Note: On the left are the URLs that are tweeted by at least 10 people along with the average likelihood of getting the vaccine (on a scale from 1 to 100) among those that tweeted each URL. On the right are the URLs that were favorited by at least 10 people along with the average likelihood of getting the vaccine among those that favorited each URL. Several of the news sites shown (e.g. “zerohedge.com,” “palmerreport.com,” “breitbart.com,” “rt.com,” “thefederalist.com,” “tmz.com”) received low trustworthiness ratings by NewsGuard.

Discussion

Across two studies with unique datasets connecting survey data about self-reported vaccine confidence to social media data, we found that social media behavior is associated with attitudes about the vaccine. Specifically, following US Republican Twitter influencers and hyper-partisan or low-quality news sites negatively predicted confidence in the COVID-19 vaccine, though following politicians from the UK's Conservative party did not predict confidence in the vaccine. These results held even when controlling for a number of relevant variables, such as self-reported ideology and education, meaning that social media behavior explains unique variance in predicting vaccine attitudes.
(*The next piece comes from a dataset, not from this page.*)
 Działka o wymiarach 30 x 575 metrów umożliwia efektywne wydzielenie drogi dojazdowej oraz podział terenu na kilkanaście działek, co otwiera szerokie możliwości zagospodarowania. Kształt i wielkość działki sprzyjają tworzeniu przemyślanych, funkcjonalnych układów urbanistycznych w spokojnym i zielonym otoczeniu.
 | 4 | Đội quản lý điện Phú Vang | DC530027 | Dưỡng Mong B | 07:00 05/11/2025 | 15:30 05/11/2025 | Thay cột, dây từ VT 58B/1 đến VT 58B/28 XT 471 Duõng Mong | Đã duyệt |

Community detection analysis revealed that Twitter networks in the US and the UK are divided into structural communities (or “echo chambers”) broadly reflecting liberal and conservative attitudes. Centrality in the more “conservative” community in the US negatively predicted self-reported vaccine confidence; however, this was not true in the UK. A specific examination of the influencers in each cluster found that prominent US influencers associated with the Republican party (e.g. Tucker Carlson, Candace Owens), as well as influencers who have caused controversy about spreading misinformation about the vaccine online (e.g. Joe Rogan) (41) tended to have followers with low levels of vaccine confidence.
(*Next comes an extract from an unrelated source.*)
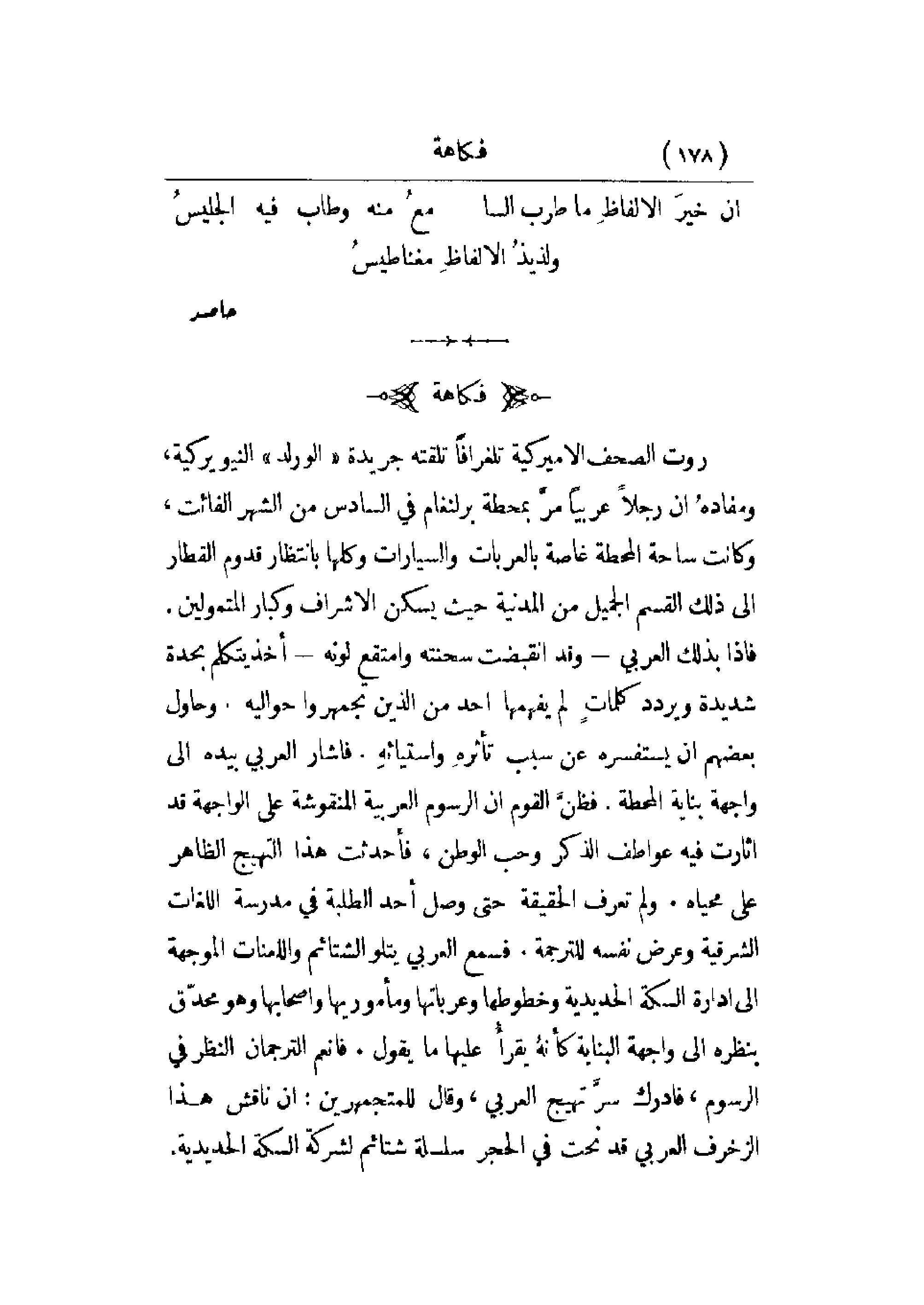 روت الصحف الأمريكية تلغرافاً تلقته جريدة الورلد النيويوركية، ومفاده أن رجلاً عربياً مر بمحطة برلنغام في السادس من الشهر الفائت، وكانت ساحة المحطة غاصة بالعربات والسيارات وكلها بانتظار قدوم القطار إلى ذلك القسم الجميل من المدينة حيث يسكن الأشراف وكبار المتمولين. فإذا بذلك العربي - وقد انقبضت سحنته وامتقع لونه - أخذ يتكلم بحدة شديدة ويردد كلمات لم يفهمها أحد من الذين تجمهروا حواليه. وحاول بعضهم أن يستفسره عن سبب تأثره واستيائه. فأشار العربي بيده إلى واجهة بناية المحطة. فظن القوم أن الرسوم العربية المنقوشة على الواجهة قد أثارت فيه عواطف الذكر وحب الوطن، فأحدثت هذا التهيج الظاهر على محياه. ولم تعرف الحقيقة حتى وصل أحد الطلبة في مدرسة اللغات الشرقية وعرض نفسه للترجمة. فسمع العربي يتلو الشتائم واللعانات الموجهة إلى إدارة السكة الحديدية وخطوطها وعرباتها ومأموريها وأصحابها وهو محدق بنظره إلى واجهة البناية كأنه يقرأ عليها ما يقول. فأنعم الترجمان النظر في الرسوم، فأدرك سر تهيج العربي، وقال للمتجمهرين: إن ناقش هذا الزخرف العربي قد نحت في الحجر سلسلة شتائم لشركة السكة الحديدية.

Finally, in Study 2, we found that one's likelihood of receiving the vaccine was associated with the quality of news articles shared (tweeted) and liked (favorited) on Twitter, even when controlling for demographic variables. This suggests that vaccine-hesitant individuals are not only consuming lower-quality news, but are spreading lower-quality news to their networks. These results were similar when looking at both more private forms of engagement (favorites) and more public forms of social media sharing (retweeting), which were highly correlated with each other.
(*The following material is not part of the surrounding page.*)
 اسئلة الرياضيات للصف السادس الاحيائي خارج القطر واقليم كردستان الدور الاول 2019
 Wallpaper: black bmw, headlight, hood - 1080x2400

One limitation of this work is that it captures a specific time-point in history. Most of the data were collected around the summer of 2021, and dynamics around these issues online and offline may have evolved. Furthermore, there are limitations with our samples. Neither study was nationally representative, though Study 1 was roughly politically-balanced and included a large portion of vaccine-hesitant and vaccine-neutral respondents. Study 2, while larger and better-powered to analyze the amount of misinformation shared by individuals, was a convenience sample recruited online via an app. It is possible that some of our findings were influenced by idiosyncrasies of these two samples. That said, it's important to note that the main conclusions were consistent across both samples

An important limitation of this work is that it is correlational. While our results are consistent with the theory that exposure to misinformation and partisan cues in one's online social network influences vaccine attitudes, they are also consistent with other interpretations, such as vaccine-hesitant individuals selectively following and engaging with content that confirms their beliefs (24, 45). Twitter following behavior could also be a proxy for other kinds of media exposure (for instance, people who follow Republican politicians may also frequently watch Fox News). Other research should follow up on this study by testing the causal effects of exposure to certain information sources on vaccine attitudes, through lab and field experiments, network interventions that manipulate the structure of one's network (46), or network modeling approaches (47).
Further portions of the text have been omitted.